On Thursday 19 October I was invited to share a little about our journey at the Reach For a Dream Foundation donor breakfast – here’s what I told them….
Good morning. My name is Penny Castle. Julia asked me to come through today and tell you a little about our journey since our son, Joshua, was diagnosed with cancer earlier in the year and also a little about how Reach for a Dream has impacted our family.
If I am honest I never really understood the value of organisations like Reach for a Dream. We live in a country where so many need so much. How could granting the dreams of a few individual children make a difference?
When I met Julia I asked her. I asked her in a nice way so that she’d still fulfil Joshua’s dreams but I asked all the same. She told me that by fulfilling the dreams of kids with life threatening diseases Reach for a Dream (RFAD) gave the kids purpose and hope and something to focus on beyond the struggle of just staying alive. Through my own studies I already knew about the link between positive outlook and prognosis. So it sounded good – and I really wanted her to fulfil Joshua’s dream – but I still wasn’t sure I got it.
Ten days ago I found myself in the Javits centre in New York for Comic Con. Comic Con is the highlight of every nerds existence. Over the course of four days 165 000 comic book readers and fantasy fans congregated in New York to meet the artists and the writers behind the super hero phenomenon as well as to hear about the latest releases and news in the world of comic books.

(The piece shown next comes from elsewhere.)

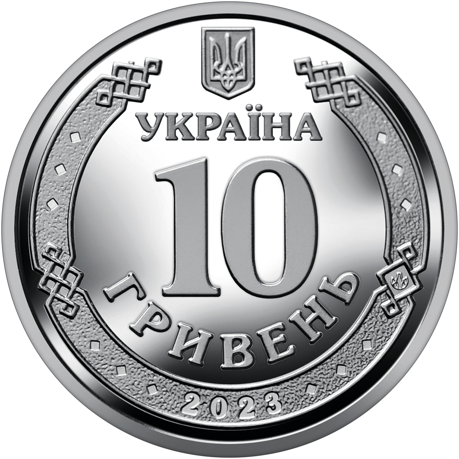 W centrum, w otoczeniu ornamentu nawiązującego do sztuki Rusi Kijowskiej, umieszczono napis: „УКРАЇНА / 10 / ГРИВЕНЬ” (Ukraina / 10 / hrywien).

I “got” the reason why RFAD is so important whilst I watched David Finch stop a line of dozens of fans to chat to Josh about his cancer and to draw him a personalised batman. Joshua’s grin lit up the room when he read the inscription “lets beat cancer” in the front of his Batman omnibus edition. For those of you who are not 100% geek let me enlighten you – David Finch is one of the artists behind comics like Batman: The Dark Knight and the New Avengers. He is comic book royalty and there he was holding up all these people to connect with my son. Just being kind.
In that moment I understood the immense value of RFAD but for you to understand what I mean, let me tell you a little about Josh.

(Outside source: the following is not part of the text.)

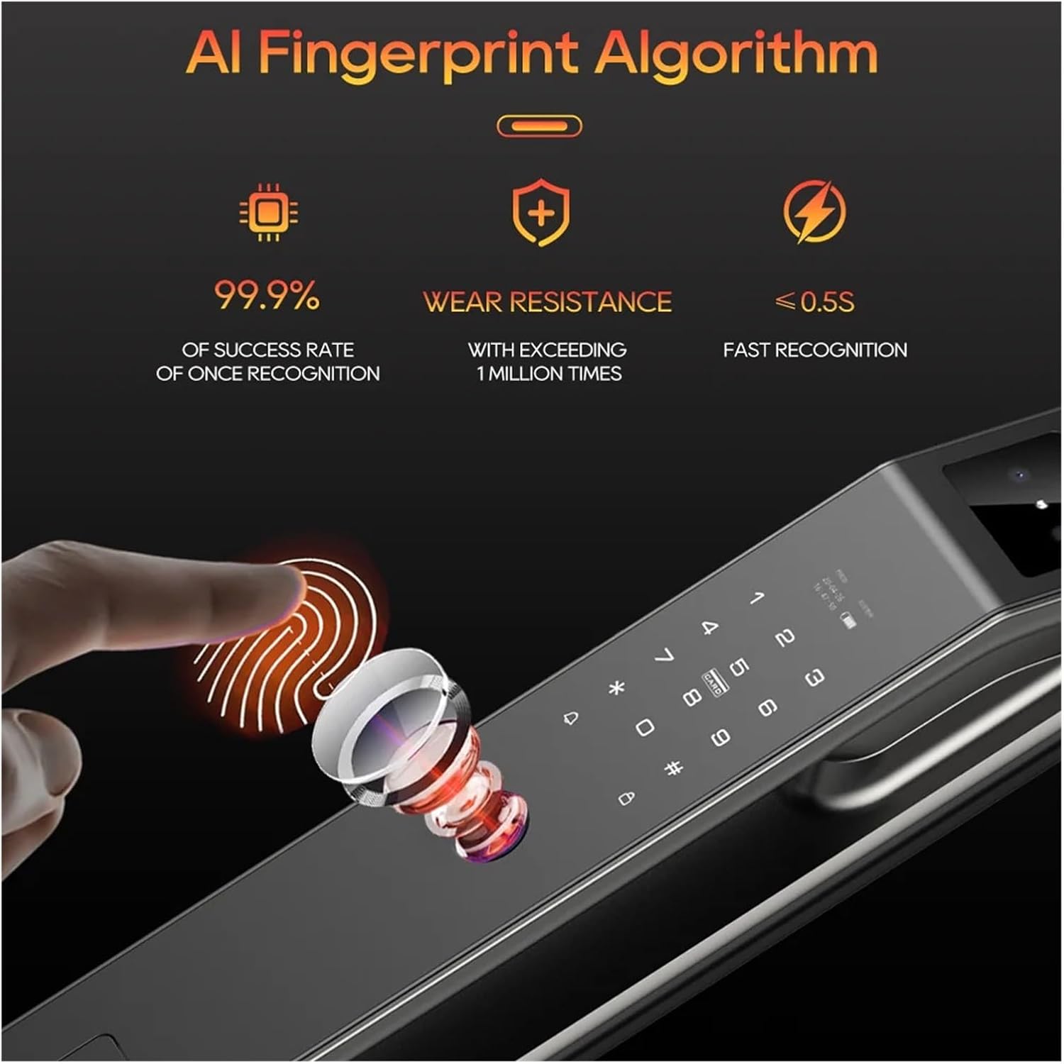 Esta Cerradura Inteligente Con Reconocimento Facial 3d Tiene un Diseño Avanzado Antreslizante y Antifuerza Bruta, Desbloqueo por Huella Dactilar Integra, Tarjeta ic, Contraseña Digital y Otras Múltiples Funciones de SeguriDad para Garantizar de Garantizar Que Propiny infringidos. Fuertos medidas de protección para proteger su puertas.

As of today Josh is 6 months and 26 days past his expiry date. Why do I say that? Well on 19 January 2017 Josh went to see the Doctor for what we thought was a urinary tract infection. When the doctor found no sign of infection she had the presence of mind to order an ultrasound. The ultrasound revealed that Joshua’s liver was twice the normal size. She had already secured an appointment with a paediatric oncologist by the time I got the call.
Over the next few days Josh underwent blood tests and CAT scans and physical examinations and was admitted into ICU for blood loss. On the 24 January we were told that Joshua had been diagnosed with stage four cholangiocarcinoma. Cholangiocarcinoma is cancer of the biliary tract. It is aggressive and incurable and rare. So rare in fact that about 8000 adults will be diagnosed this year for it…in comparison with 250 000 adults diagnosed with breast cancer in the US alone. The important word though is ADULT. It is unheard of in kids. I have managed to tack down only four documented cases in children. Ever. Of the four only Josh and a teenager in Israel are still alive.
We were also told that because treatment would be invasive and painful and held no hope of cure the paediatric oncologists would not be offering it to Joshua. They sent us home with no treatment plan. The surgeon who performed Joshua’s biopsy, cried when he told us that, without chemotherapy, Josh had about 2 months left to live.
We went home and prepared for the end.
Don’t be sad though because we are getting to the good part. You see we live in a world that is tough, it’s filled with pain and corruption and hardship but even in the darkest moments there is light. And for our family light came in the form of kindness.
In those terrible days when we found ourselves blank eye and struck dumb with fear and sadness we also experienced immense kindness. Truly more kindness than I can list here for you today: like his teachers who arrived in full academic dress to present Josh with his academic colours in hospital; or the friends who spent hours hanging out in hospital rooms or his friend’s mom who made it her business to investigate treatment options and who, eventually, bullied us in to door of the adult oncologist who is currently treating Josh. There has been so much kindness but the people I want to tell you about are RFAD.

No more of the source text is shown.